No quick resolution for Fannie-Freddie; deposit rate war heats up
Wall Street Journal
Not so fast
Prices of Fannie Mae and Freddie Mac stock plunged more than 20% Tuesday after the White House threw cold water on the idea that it was planning to release the two mortgage agencies from government control without input from Congress. Instead, the Trump administration said it expects to “shortly” announce a framework for developing a comprehensive housing finance plan “but that framework will not likely make specific recommendations about what to do with the two companies.” The stocks of the two companies have risen sharply this year in anticipation of a possible breakthrough in the 10-year conservatorship.

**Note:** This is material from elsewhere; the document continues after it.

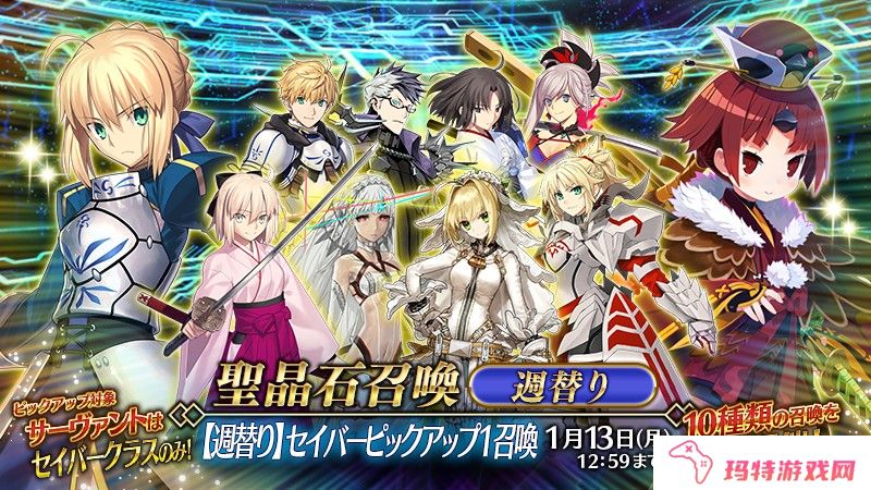 此外,自 1 月 6 日起举办截至 2024 年为止的所有 ★5 从者 Pick Up 召唤,以每週轮替&每名单独 ★5 角色搭配部分 ★3&★4 角色的方式实施,1 月份率先由 Saber、Archer、Ruler 职阶登场,

Many of China’s biggest overseas real estate investors are unloading some of their most prized American assets as the government “keeps the pressure on Chinese investors to bring cash home during a period of worsening economic growth.” Chinese investors were net sellers of $854 million of U.S. commercial property in the fourth quarter, the third straight quarter in which sales topped purchases, reducing net purchases for full year 2018 to their lowest level since 2012. “The selling during most of 2018 marked a powerful reversal from the previous five years, when Chinese investors went on a massive buying spree, often handily outbidding other investors for U.S. trophy properties.”
Varo Money, the online-only U.S. bank backed by private equity giant Warburg Pincus, is paying 2.8% on some checking accounts, the highest deposit rate in the U.S., according to the paper. That’s about 40 basis points higher than the next best available rate “and way above the 0.09 per cent average rate.” “Varo’s move comes after a wave of online banks — including BBVA-backed Simple and Goldman Sachs’ online-only bank Marcus — introduced deposit rates above 2% in recent months.” American Banker's Will Hernandez tells the role the partial federal government shutdown played in Varo Money CEO Colin Walsh's decision to increase its rates.
Going to the top
Denmark’s financial regulator is proposing stricter penalties on banks and their senior executives in the wake of the money laundering scandal at Danske Bank, the country’s largest bank. The Danish Financial Supervisory Authority is considering adopting rules followed in the U.K., where the top financial regulator “has given itself powers to impose fines or bans on the top brass of its main lenders for failings that happen on their watch.”
Not the answer
There’s been a lot of talk that big European banks need to merge in order to compete effectively with their American counterparts. But that may be the wrong prescription, writes Simon Samuels, a banking consultant at Veritum Partners, in an op-ed. “For European banks, getting bigger may feel like an attractive escape route after a painful decade. Unfortunately, it is rarely the right response for shareholders. But it would also be a worrying development for Europe’s citizens who still have to deal with the consequences of banks that become too big to bail.”
Major international banks have stopped trading the bonds of PDVSA, Venezuela's state-owned oil company, after the U.S. imposed stricter sanctions against the firm. “The move by Washington is set to ratchet up the pressure on Venezuela's socialist President Nicolas Maduro and will effectively prevent investors who operate in the United States from buying PDVSA bonds.”
“Housing finance reform is a priority for the administration. The White House expects to announce a framework for the development of a policy for comprehensive housing finance reform shortly.” — White House spokeswoman Lindsay Walters.